Open Letter to the commercial director
- Posted by Beheer
- On 14 October 2019
- 0 Comments
You have greatly deserved your spurs. Your gray hairs show seniority and within your organization you are seen as the authority. You are an active networker, show your face regularly at the big-boys-networks (Rotary and LIONS Club) and are also appreciated there because of your talent to connect. When you meet new people, you make a confident, business and social impression. The commercial area has little secrets for you.
Internally, you give guidance to the commercial department within your organization. You will ensure that “your” people give sufficient attention to your customers, but also that they are sufficiently active in the much needed market operation. To do this, you send them on the course “Telephone acquisition”, and “conversation techniques”. Not because this immediately yields new customers, but to improve the necessary hard-selling competencies. You reward them firmly when they perform and perform critical conversations when they are lagging on schedule.
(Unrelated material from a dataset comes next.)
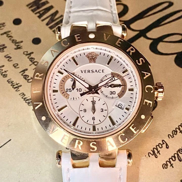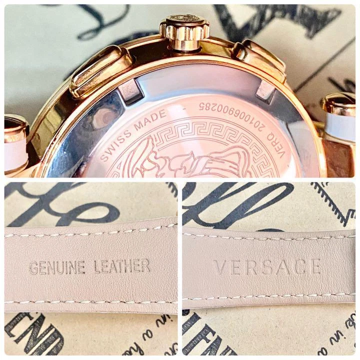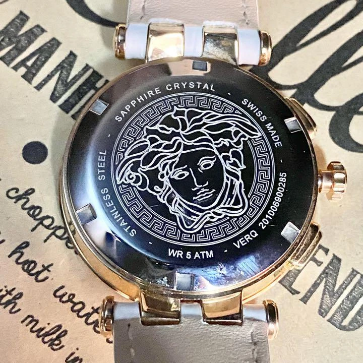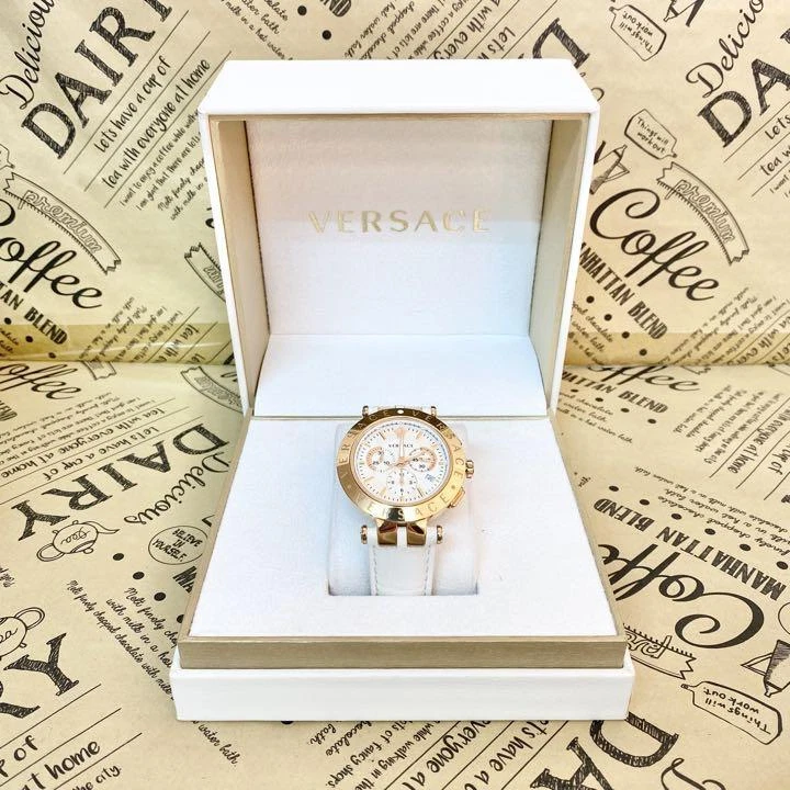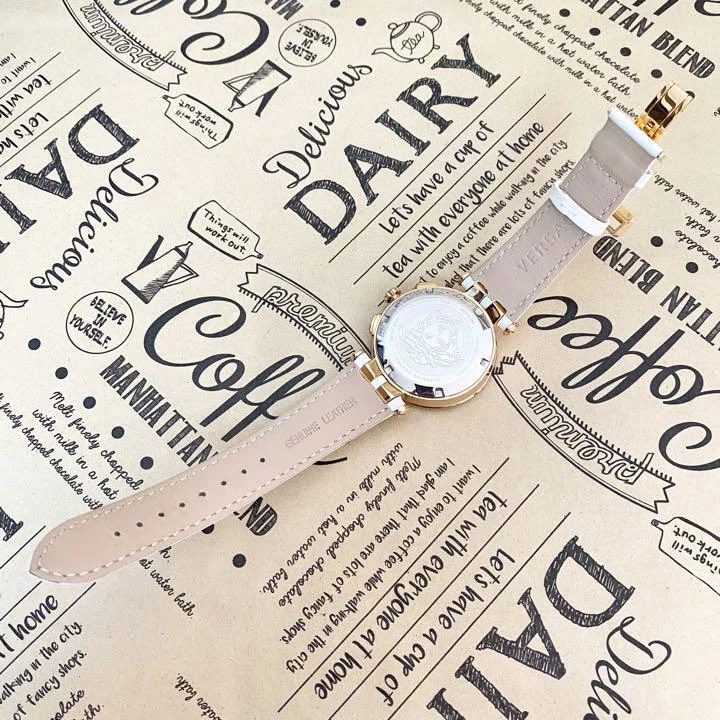 Versace Watch Verq-00200 Gold White Leather H689

You enjoy respect. Your colleagues from the MT look at you, full of expectation that you will continue to put the company on the map and let it grow. You take care of more customers, more turnover, and promote up-and cross-selling among your people. When there are strategic customers who enjoy extra attention, you step into your well-deserved, beautiful bolide and paves with your charms and insights the way back for your sales colleagues. Your colleagues are looking at you.
In short, your experience and expertise already opens doors. For you it seems easy, question of bubbles and Hoppa, again a new appointment. Linkedin? You actually don’t really need that! Of course you do it, because you also want to keep in touch how you are in the (labor) market. Maybe the grass is still greener somewhere. You accept invitations from your Top 10 customers, do not respond to InMails from prospective suppliers and are critical which colleagues can or will not….
Wake up call
Today a new sales colleague started, 24 years with a commercial background and with 2 years of work experience by your recruitment department reaping at the competitor. He gets the job title “Junior Account Manager”, a phone, laptop and lease car. So he is allowed to prove himself…. Yet? But….
He has not (yet) authority
He’s still unsure how he happens to new people
He has no seniority (yet), he is from another generation, grew up with internet and social media instead of playing football on the square and Dukes of Hazard.
He does not yet have the quality to pass gatekeepers by phone, let alone convince customers of the added value for an introduction
He doesn’t have (yet) his own frame of reference, best practices and inspiring cases
When he goes to a network meeting, no one comes to him as it happens to you.
He must first prove himself

New Generation Sales
Where you see LinkedIn as Digital Rolodex, as the confirmation of an offline relationship, LinkedIn is now an opportunity to distinguish itself.
By sharing relevant knowledge about developments within your market, by proactively informing his network about what’s playing, he builds on his authority.
By building his profile strategically and customer-oriented and inviting potential customers prior to an appointment, he makes a reliable first impression.
By secretly leaving the word “Junior” for his job title on LinkedIn, he takes the impression that he has insufficient substantive knowledge
By looking up the decision-maker himself and sharing knowledge with qualitative InMails and adding value, he disables the gatekeeper
By sitting together with Marketing, he asks for the right cases and best practices that he can use to endress the prospect
He networks in a different way than you, less time consuming, for him more effective. Although online, but not less socially and with the same goal in mind. Come to the table from an advisory role, add value to the relationship so that it ultimately becomes customer and possibly even ambassador.
Dear commercial Director, I have nothing but respect for you. You have earned your spurs, you have often also gone on your face. Have probably lost deals and won a lot of deals. And over the years you have become more authentic and successful, that is your experience. But do you want to do me one pleasure?
Do you want to be in this changing market, where procurement processes become increasingly complex, where relationships are decisive more than ever, where online orientation and content are an important source for your potential customers, not thinking that everyone is just Way can do. Do you want splash to adopt an open attitude towards Social Selling and LinkedIn. They see as a key inspiration and success tool for your sales team, junior or senior, experienced or inexperienced, product specialist or pure seller. Do not want to lie down if they want to gain knowledge of these tools to improve their relationship management and acquisition skills. Do you want splash – perhaps just like them – to be curious about what LinkedIn has to offer your team (and you) with additional strength towards your market?
After all, there are more roads leading to Rome and new customers. And precisely that insight, precisely that attitude to investigate new trends and to implement new working methods, makes you even more an authority within and outside your organization.
I wish you and your team a lot of success this year.